Adam Rickitt: The farce that is the Rural Payments Agency
A-lister Adam Rickitt reviews the importance of agriculture to British life and attacks Labour for its handling of the new system of farm payments.
In whatever form it takes, and over whatever country it presides, the role of any Government can be defined by two simple duties of care: to provide the best for its people, and to protect them from the worst.
Within our own nation the first of these covers the broad range of social, economic and political dilemmas that face our society, from NHS funding to policing, education to the environment, economic strength to political sovereignty. These are the issues that compete for the attention of politicians and pull for support from the Treasury but which any Government should strive to better for the empowerment and provision of its citizens.
The second issue is to always ensure the country is as well prepared as possible should disaster ever strike - be it on the military, environmental, medical or political fronts. By this we mean a Government should always ensure that her country is in a position to be able to exist and to thrive independently in the face of whatever future adversity may arise.
The three vital factors in this are the 3 “F’s”: Forces, Fuel and Food.
Our armed forces should always be fully supported and funded (failure number one for Tony and Gordon). They should be able to protect their compatriots in wartime and be able to act swiftly, secure in the knowledge that the resources are always in place. We should ensure that as a country we are independently able to sustain our lifeblood of power, in whatever form it takes (again get your heads out of the sand you two and start making the necessary choices). Finally we should ensure that as a country we always have the ability to feed ourselves should the worst happen and external sources be cut off.
Now this may all sound terribly dramatic but these are the fundamentals. They have to be in place to ensure a nation’s ability to survive in the face of unknown future adversity. With the end of the Cold War and the disintegration of the familiar geo-politics that dominated the post WW2 world we inhabit a politically volatile and environmentally endangered planet, with no certain path before us. Without certainty as to where the next threat may lay, the need to plan for all eventualities is more acute than ever.

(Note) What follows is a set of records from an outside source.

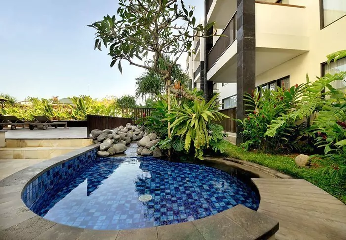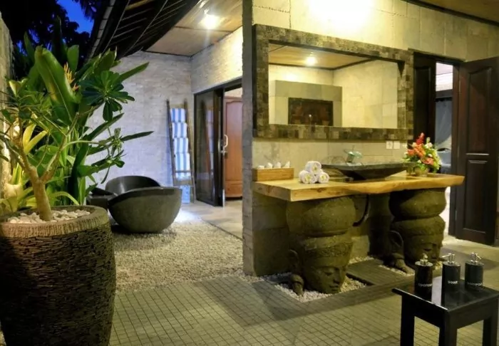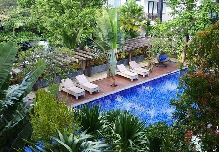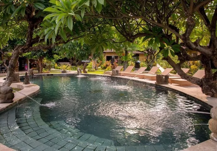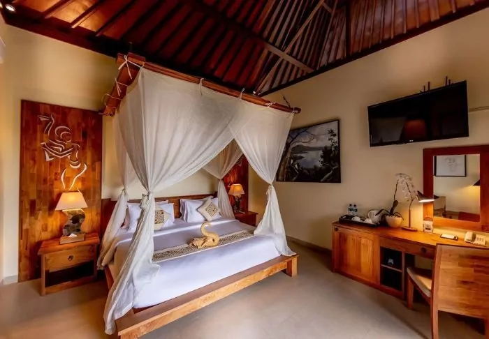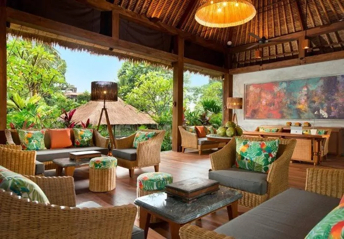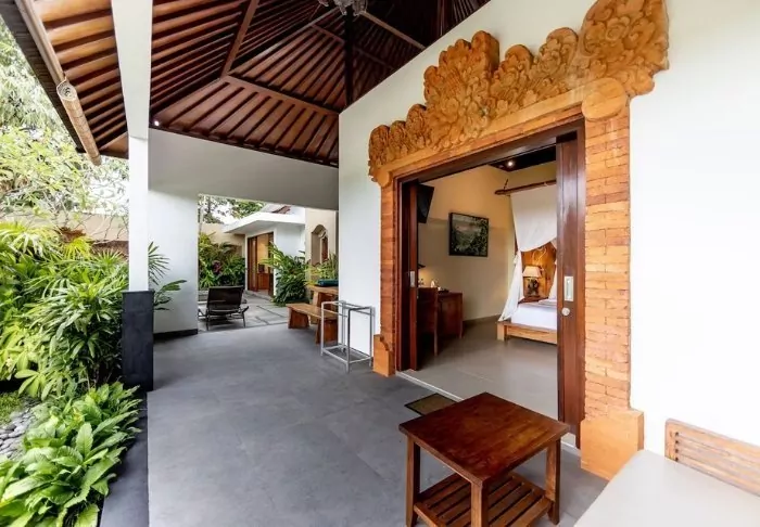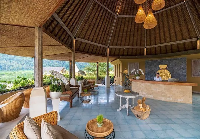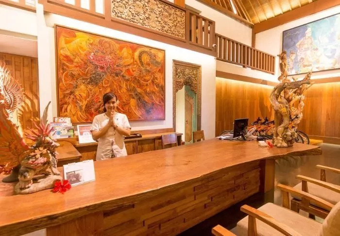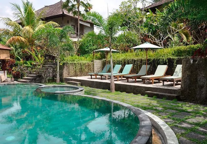 The small hotel is built in traditional Balinese style with natural materials that beautifully complement the green surroundings.
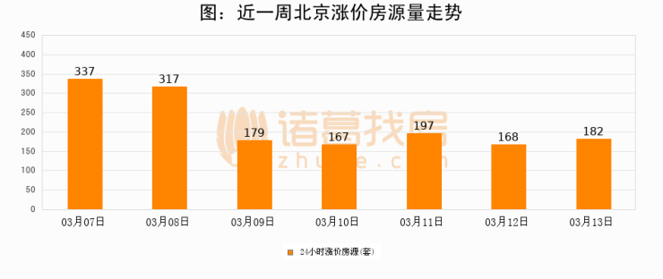 根据诸葛找房数据显示,北京24小时涨价房源量为182套,较03月12日增加14套,环比上涨8.3%。与此同时,涨价房源占比小幅扩大,业主信心有所提升。
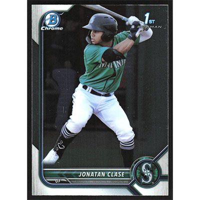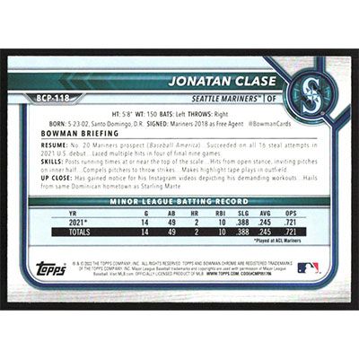 This is a 2022 Bowman Chrome Prospects Jonatan Clase baseball card. The card is #BCP-118 and pictures show condition.
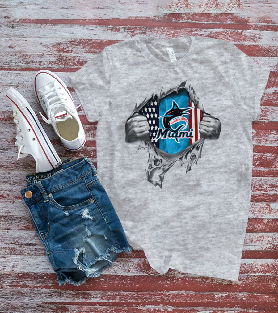 Miami Marlins American Flag Baseball Logo Tear Effect T-Shirt
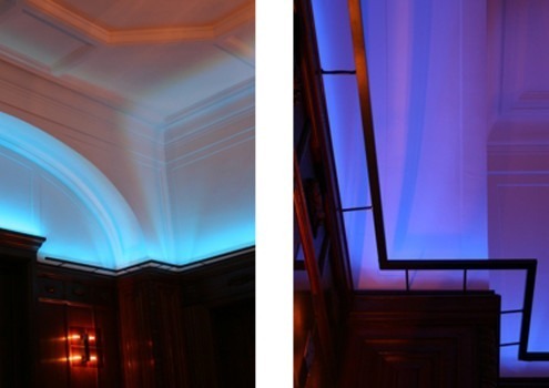 Die Aufgabenstellung für LuzLicht bestand darin, die Eingangshalle der denkmalgeschützten Patrizier-Villa (seit 1990 denkmalgeschützt ) filigran und unaufdringlich durch LEDs in Farbe zu tauchen. Dabei musste der Aufbau der Voute mit der Holzvertäfelung und der übrigen Beleuchtung korrespondieren.
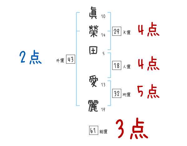 眞榮田愛麗さんの画数の鑑定結果
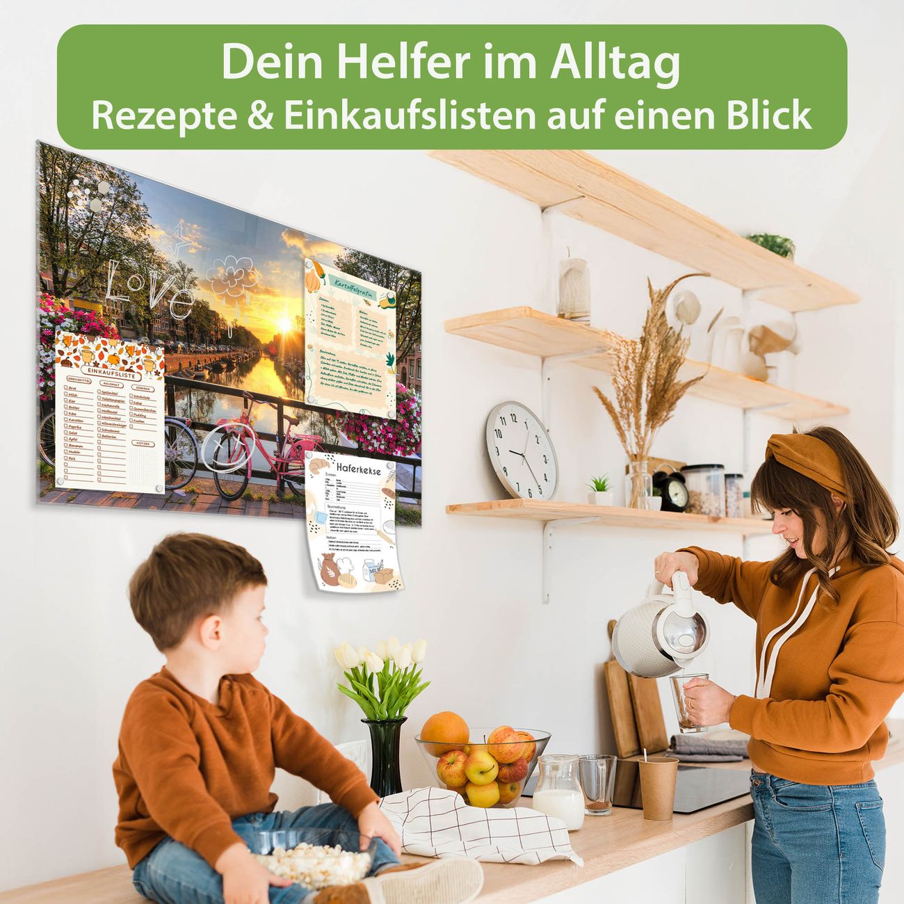 Ein Stück Design, das Ihren Alltag organisiert. Schreiben, heften, inspirieren - alles an einem Ort. Qualität, die man spürt. Montage leicht gemacht. Handwerk mit Herz - veredelt in Sachsen. Einzigartiges Design mit Motiv Motiv Amsterdam Mit Rad Beschreibbare Glasoberfläche, leicht zu reinigen Starke Magnetkraft durch Stahlrückwand Inklusive 4 Neodym-Magneten Flexible Montageoptionen Handveredelt in Sachsen - Qualität, die bleibt
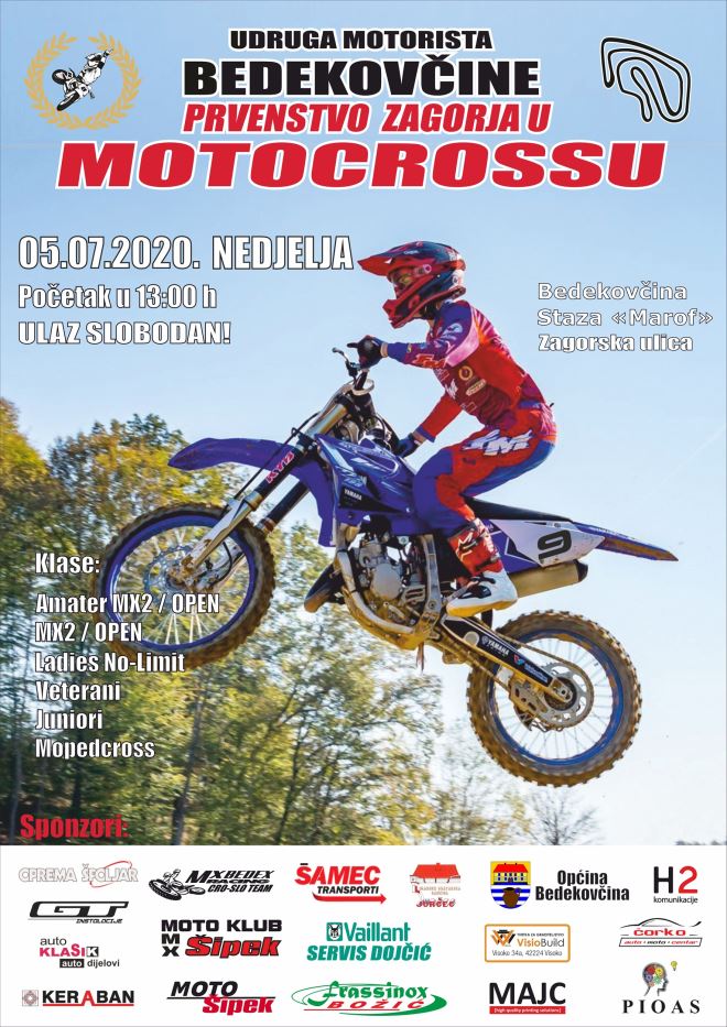 Na stazi Marof u Bedekovčini ove nedjelje 5. srpnja vozit će se druga utrka iz serija Prvenstva Hrvatskog zagorja u "Off road disciplinama". Kao što ljubitelji ovog natjecanja već znaju na Marofu se voze isključivo motokros discipline. Kako je nije vožena još ni jedna utrka Prvenstva Hrvatske, očekuje se nastup ponajboljih hrvatskih motokrosista. U te elitu zasigurno spadaju i naš Zagorci, Nikola Hranić i Luka Kunić, koji će nas sigurno oduševiti svojim vožnjama i nadajmo se pobjedama.
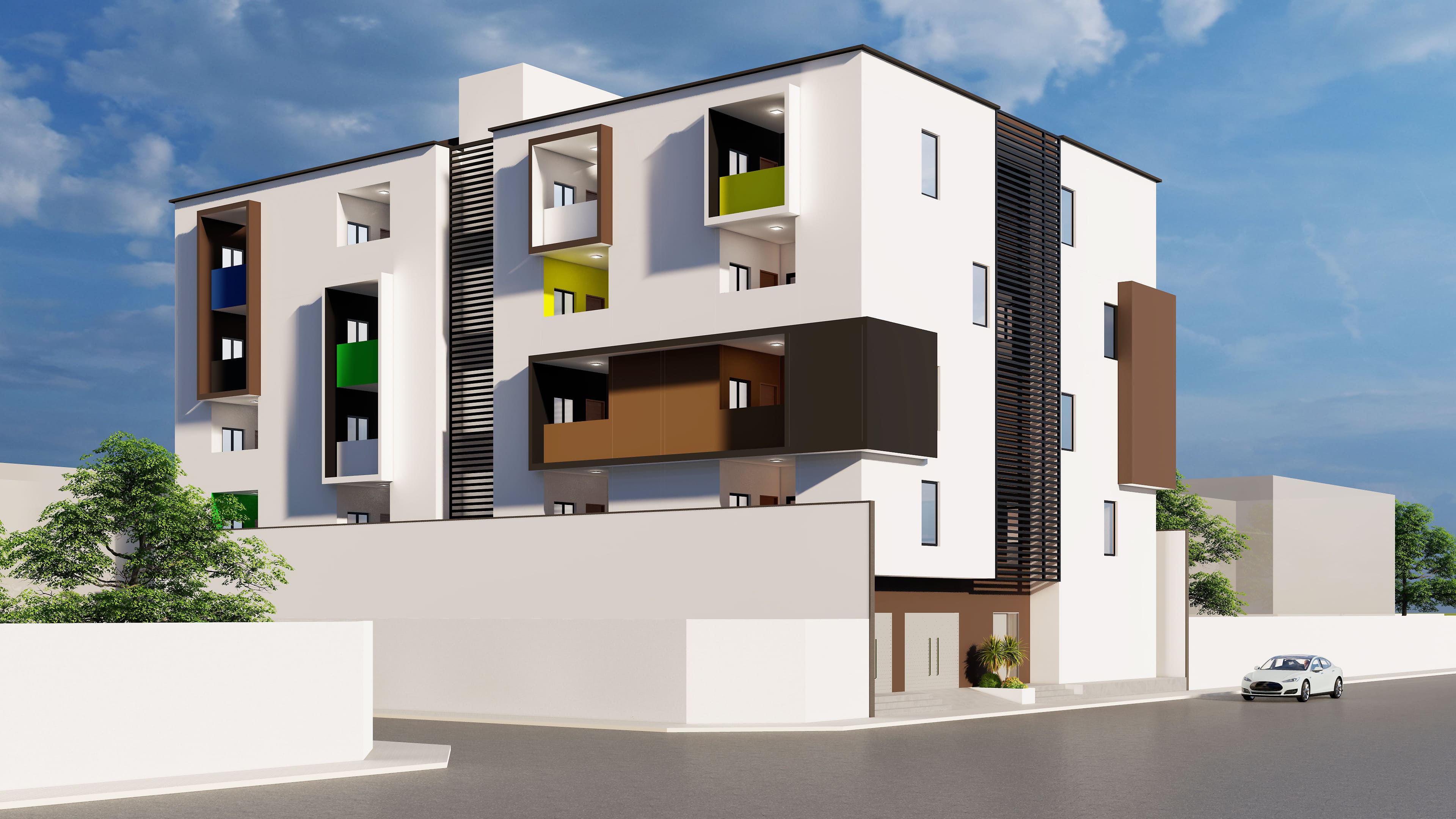 Cet immeuble de R+4 s'étend sur 600m² et est conçu pour répondre aux besoins des étudiants, offrant un cadre de vie fonctionnel et abordable. Avec 32 appartements, dont 3/4 sont des F2 et le reste des studios, ce projet vise à offrir une variété d'options pour les étudiants recherchant confort et praticité. Au rez-de-chaussée, une épicerie et une conciergerie sont disponibles pour assurer le quotidien des résidents, tandis que des locaux techniques garantissent le bon fonctionnement de l'immeuble. L'architecture est simple mais chaleureuse, avec l'utilisation de couleurs vives qui apportent dynamisme et convivialité à l'ensemble du bâtiment. Ce projet se veut un lieu de vie agréable et accessible pour les étudiants de la ville, offrant à la fois confort et commodités au cœur de Lomé
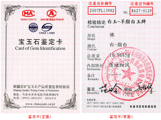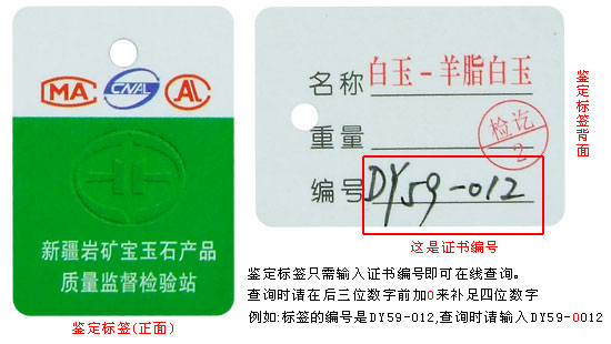 四、鑒定標簽,產品經過鑒定的標志,有產品鑒定名稱、重量和鑒定編號。
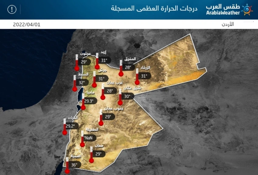 Arab Weather - The meteorological stations of the Arab Regional Weather Center recorded maximum temperatures for the first time this year on Friday 1/4/2022, the highest in the city of Aqaba.

So it is that having been born and raised in a rural community I have been able to bare sad witness to this government’s total ineptitude in support of our farming community. Not only are these hard working men and women the custodians of our countryside, vital in the maintaining of our rural communities and economies, but they also provide the essential public service of providing fundamental resources should the need ever arise.
Yet despite this Labour has been willing to endanger their very existence with its callous blunders within the subsidy system and the farce that is the Rural Payments Agency. This is a department whose own website declares itself to be a “customer focused organisation delivering high quality services”…well I pity the fool which trusts in that!
By the deadline of March this year, in England, only 13% of the required 96% of the £1.6 billion single farm payments had been made, compared to 90% in Scotland and Wales. As a result farm debt has topped £10 billion for the first time, and is increasing at a rate of £13 million a month as farmers seek to bridge the financial gap with loans in order to survive while awaiting their promised payments. Why should they have to go further into debt for no fault of their own, but because of Government incompetence?
Indeed it seems the only thing the RPA has managed to succeed in to date, is to introduce an IT system whose cost has rocketed from £18.1 million to £37.4 million, pay the man responsible for its introduction £225,000, and then apparently get themselves caught on CCTV having sex, taking drugs and holding break dance contests during work hours. Makes a game of croquet seem pretty tame stuff!
The farmer’s fault in all this? None. The RPA even neglected to post their applications in time, and then offered inadequate and ill-informed lines of support throughout the process. Our farming community has been treated with contempt by an uncaring Ministry for Agriculture, and ignored by an image-obsessed media. Can you imagine the uproar if our NHS funding was effectively misplaced, or our prisons left unguarded? But that is what is happening here. Away from the public eye a vital industry is being bankrupted because of Labour’s ineptitude, our rural communities endangered, and the future ability of our nation to feed itself placed in jeopardy.
In a humiliating admission of guilt the Government have finally conceded to paying the interest on those extra loans forced upon our farmers. Disgracefully overdue as this is, it does not go far enough. We need a promise that if there are to be further delays in payment then interim funds will be supplied. Long term we need assurance that such calamitous mistakes, which have resulted in additional costs of around £30 million to an already struggling industry, are forever averted.
We should cherish our farming community, recognise the vital role they play in our rural economy, the potential life saving service they offer our country, and treat them with the respect and support they deserve.
Adam Smith put it thus; "It is not from the benevolence of the butcher, the brewer, or the baker, that we can expect our dinner, but from their regard to their own interest." Farmers are in business. Yet this Government is making their business impossible. More and more people are leaving farming altogether as it becomes increasingly unprofitable and bureaucracy ridden. Urgent action is needed to support them. The consequences of inaction for our country and our countryside are too ghastly to contemplate.